Soybeans cut swath through Prairie wheat belt

(Scott Bauer photo courtesy ARS/USDA)

Winnipeg | Reuters –– Soybeans, once a novelty in western Canadian fields, are poised to reach record-large acreage again this year, and some of the world’s biggest seed companies are betting they have further room to grow in a region known for wheat and canola.

Farmers on the eastern side of the Prairies are turning to soybeans for high returns and as shorter-season varieties make them viable in Western Canada and across northern U.S. states.

Monsanto expects Canadian farmers to sow 5.8 million acres this year, up from 5.6 million in 2014, with Ontario the biggest grower, said Cornie Thiessen, who leads the agricultural products company’s Canadian trait and licensing business.

Growth lies in Western Canada, and Monsanto expects farmers there to nearly double acreage to three million within five years.

“We actually expect that (expansion) to continue for quite a few years,” Thiessen said.

U.S. farmers are also expected to expand 2015 soybean plantings.

Canada’s soybean output is only 1/18th the size of U.S. production, limiting its effect on global trade. Canada exported 2.4 million tonnes of soybeans in 2013-14, about 44 per cent of that year’s crop. China, the biggest importer, bought 895,000 tonnes.

Monsanto boosted its Canadian soybean seed investment in the past two years, pushing it to a similar level as canola. Its Roundup Ready soybeans are the dominant brand in Canada, competing with DuPont Pioneer and Syngenta.

The companies mainly invest in shorter-season varieties and adapt them for specific regions.

Syngenta, for one, announced Tuesday it had picked up registration for the first triple zero (000) soybean variety in its product pipeline.

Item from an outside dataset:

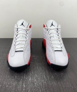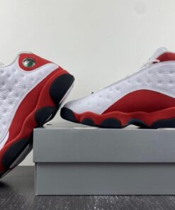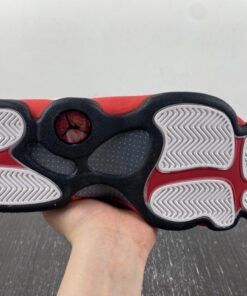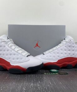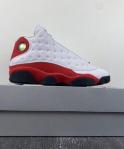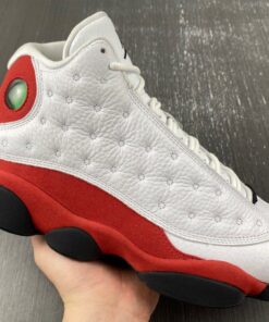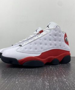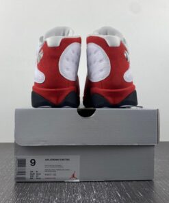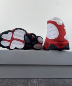 Dressed in the classic Chicago Bulls color scheme. This Air Jordan 13 a White tumbled upper that runs up the tongue, as well as on the unique side panels that the Air Jordan 13 possesses. Red accents surround the ankle hologram as well as finding its way down to the midsole. Finishing off the look are Black details on the outsole, and adds minimal detail on the branded tongue as well.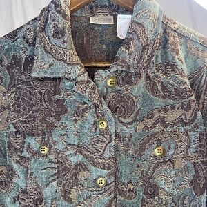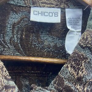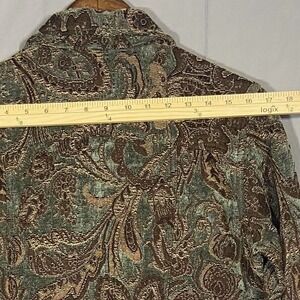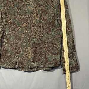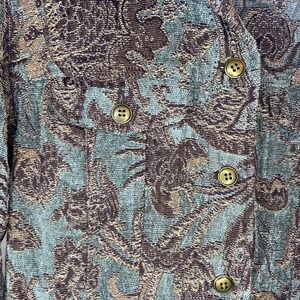 Chicos brocade jacket blazer boasting a rich paisley pattern in green and brown tones. This stylish piece features a classic button-front closure and a flattering silhouette, perfect for adding a touch of sophisticated flair to your wardrobe. Its intricate textured fabric makes it a standout choice for a business casual event or a stylish evening out.

The variety, S0009-M2, reaches full maturity in 107 days on average, the company said.

The company said its breeding program is now focused on developing a “full line” of varieties for the Prairie soybean market.

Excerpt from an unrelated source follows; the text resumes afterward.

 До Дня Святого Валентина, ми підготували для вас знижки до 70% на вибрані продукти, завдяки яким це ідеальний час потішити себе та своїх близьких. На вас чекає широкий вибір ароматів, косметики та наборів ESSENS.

“We still have a lot of room to grow,” said Steve Schnebly, senior research manager at DuPont, which is increasing investment in Canadian soybeans and corn.

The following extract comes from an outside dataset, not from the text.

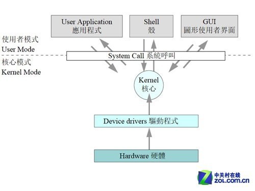 操作系統(tǒng)簡略架構(gòu)(圖片來自Wikipedia)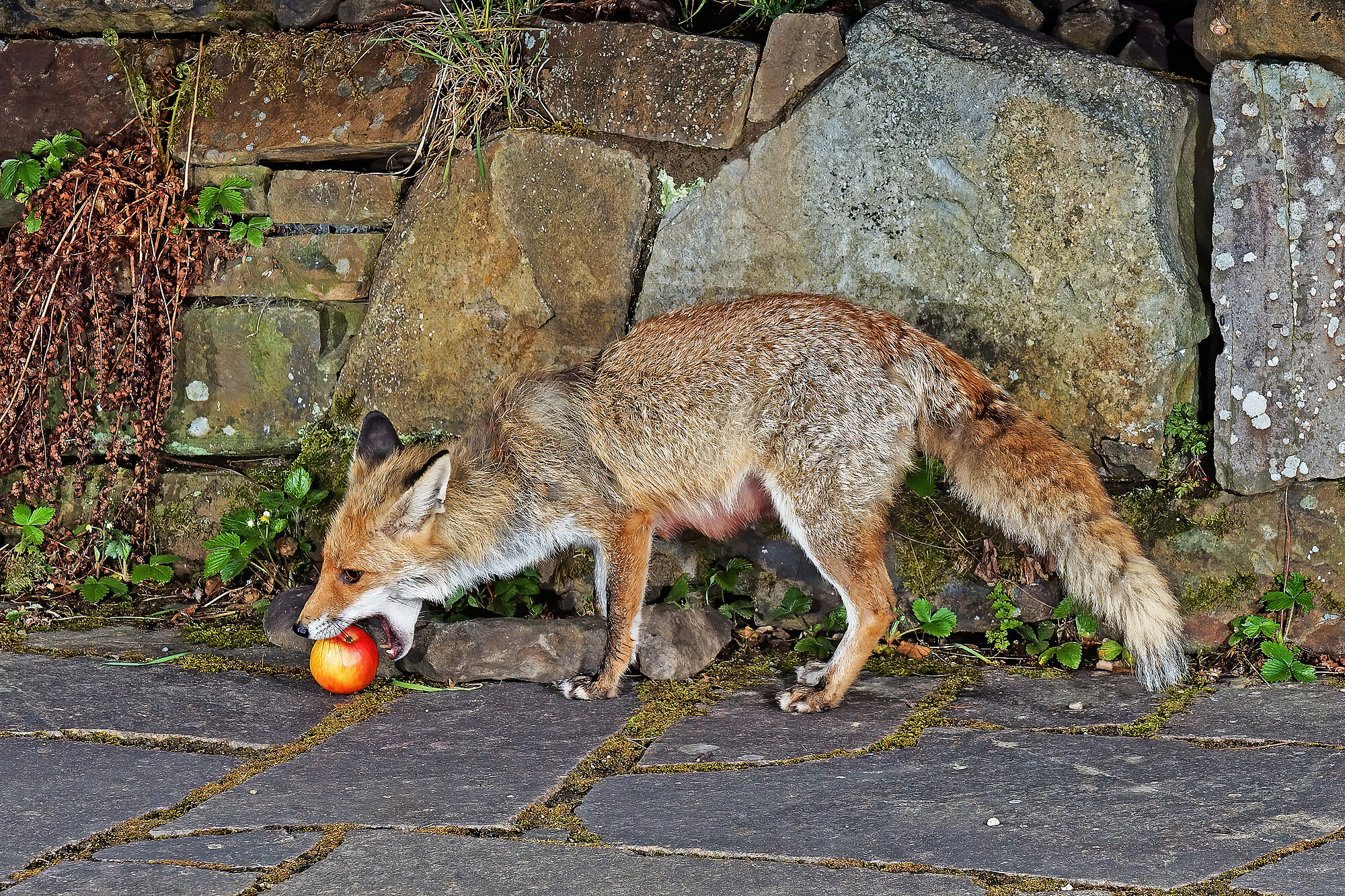 Eigentlich war der Apfel für die Amseln gedacht, aber als "Allesfresser" gibt der Rotfuchs sich auch damit zufrieden. Füchse sind überwiegend dämmerungs- und nachtaktiv, was eine Begegnung selten macht.

Dwayne Couldwell, senior merchandiser of oilseeds for grain handler Paterson Grain, said soybeans offered farmers bigger gross returns than canola and cost less to plant.

They often mix into rotations with canola and wheat, which remain popular.

To be sure, acres of other crops like lentils and corn have also expanded on the Prairies, making for a crowded field of choices.

Limits on soybeans’ growth include a lack of significant Prairie processing capacity and the grain’s lower protein content there than in the U.S. China buys Canadian soybeans at a discount to blend with higher-protein supplies, Couldwell said.

— Rod Nickel is a Reuters correspondent covering the agriculture and mining sectors from Winnipeg. Includes files from Network staff.